Certidumbre de claridad

Tras ellos caminaba el único ser viviente que compartiera su peregrinación: el perro. Y poco a poco llegaron al mar salobre. Luego, con almas bien disciplinadas llegaron a la región del norte y contemplaron, con corazones ansiosos de cielo, la imponente montaña Himavat… Lamida por el lago, en ella florecían los lirios, el cáñamo brotaba, las montañas resplandecían, las cascadas jugueteaban, la primavera era verde, blanca la nieve, azul el cielo, y los retoños de los frutos eran nubes: y él seguía sediento.

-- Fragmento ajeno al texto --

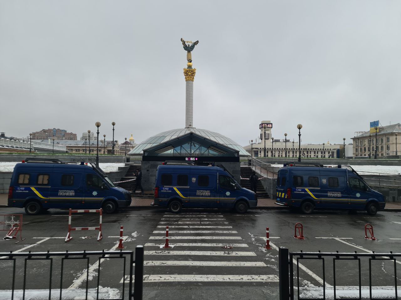 Перед выступлением спецтехника перекрыла проезд по улице Садовая. Перед началом протеста правоохранители также приступили к усиленному патрулированию центра Киева. У стен ВР присутствует военная спецтехника и автозаки.

Después, la nieve dejó de resplandecer; las flores de los árboles frutales convirtiéronse en nubes de mosquitos; el Himalaya se ocultó tras el polvo y él sintió más sed que nunca. Luego soplaba el lago, soplaba la nieve, soplaban las cascadas, soplaban los capullos de los frutos, soplaban las estaciones, soplaban alejándose, y él mismo se alejaba arrastrado por una tormenta de capullos, a las montañas en donde ahora caía la lluvia. Pero esta lluvia que ahora caía en las montañas no mitigaba su sed. Ni tampoco, después de todo, se hallaba en las montañas. Se encontraba entre el ganado, en un arroyo. Descansaba, con algunas jacas que, a su lado, metían las patas en frescos pantanos. Yacía boca abajo bebiendo de un lago en que se reflejaban cordilleras de albeantes cumbres, nubes que se amontonaban a una altura de ocho kilómetros detrás de la imponente montaña Himavat, cáñamos de color púrpura y un villorrio acurrucado entre las moreras. Y sin embargo, su sed seguía sin apagarse. Acaso porque estaba bebiendo, no agua, sino ingravidez y promesa de ingravidez —¿cómo era posible que bebiera la promesa de ingravidez? Acaso porque bebía, no agua, sino certidumbre de claridad— ¿cómo era posible que bebiera certidumbre de claridad? ¡Certidumbre de claridad, promesa de ingravidez, de luz, luz, luz y otra vez de luz, luz luz!